§ YOUR INSTRUCTIONS
Retype the data that follows line by line, exactly, and leave its pictures out.

§ COLLECTED DATA
┄┄┄┄┄┄┄┄┄┄┄┄┄┄┄┄┄┄┄┄

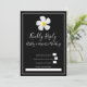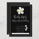 Um simples design moderno com uma flor simbólica, tipo de escrita branca e um contorno branco sobre o preto formal. O fundo tem todos os detalhes do casamento, personalize a frente e volte aos detalhes do seu dia especial. Uma procura clássica por um caso formal. Estilo correspondente no Chá de panela, RSVP, Salvar a Data e muito mais. A flor da Lei Havaiana, Plumeria, é um símbolo de "novos começos".
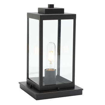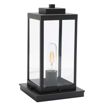Embrace a warm and welcoming addition to any outdoor space with Rinnah outdoor lamp. Refined to its striking essentials, our clean-lined and minimal lamp harmonizes with any style or decor. It features a sleek bronze finish to lend bold, industrial aesthetics. Delivering a warm and inviting glow, our small and convenient lamp can fit anywhere to uplift the ambiance of your outdoor dinners and gatherings.
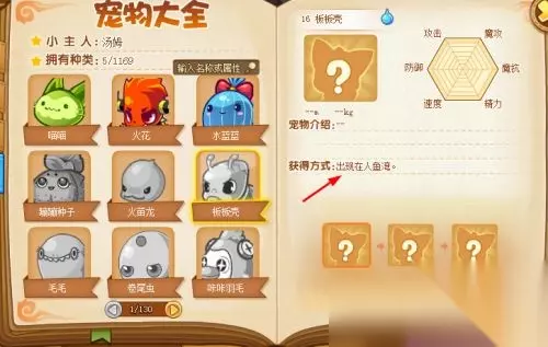 点击宠物大全的宠物,在右侧面板,可以宠物获得的途径,如图所示

┄┄┄┄┄┄┄┄┄┄┄┄┄┄┄┄┄┄┄┄

§ YOUR RESPONSE
 Um simples design moderno com uma flor simbólica, tipo de escrita branca e um contorno branco sobre o preto formal. O fundo tem todos os detalhes do casamento, personalize a frente e volte aos detalhes do seu dia especial. Uma procura clássica por um caso formal. Estilo correspondente no Chá de panela, RSVP, Salvar a Data e muito mais. A flor da Lei Havaiana, Plumeria, é um símbolo de "novos começos".
Embrace a warm and welcoming addition to any outdoor space with Rinnah outdoor lamp. Refined to its striking essentials, our clean-lined and minimal lamp harmonizes with any style or decor. It features a sleek bronze finish to lend bold, industrial aesthetics. Delivering a warm and inviting glow, our small and convenient lamp can fit anywhere to uplift the ambiance of your outdoor dinners and gatherings.
 点击宠物大全的宠物,在右侧面板,可以宠物获得的途径,如图所示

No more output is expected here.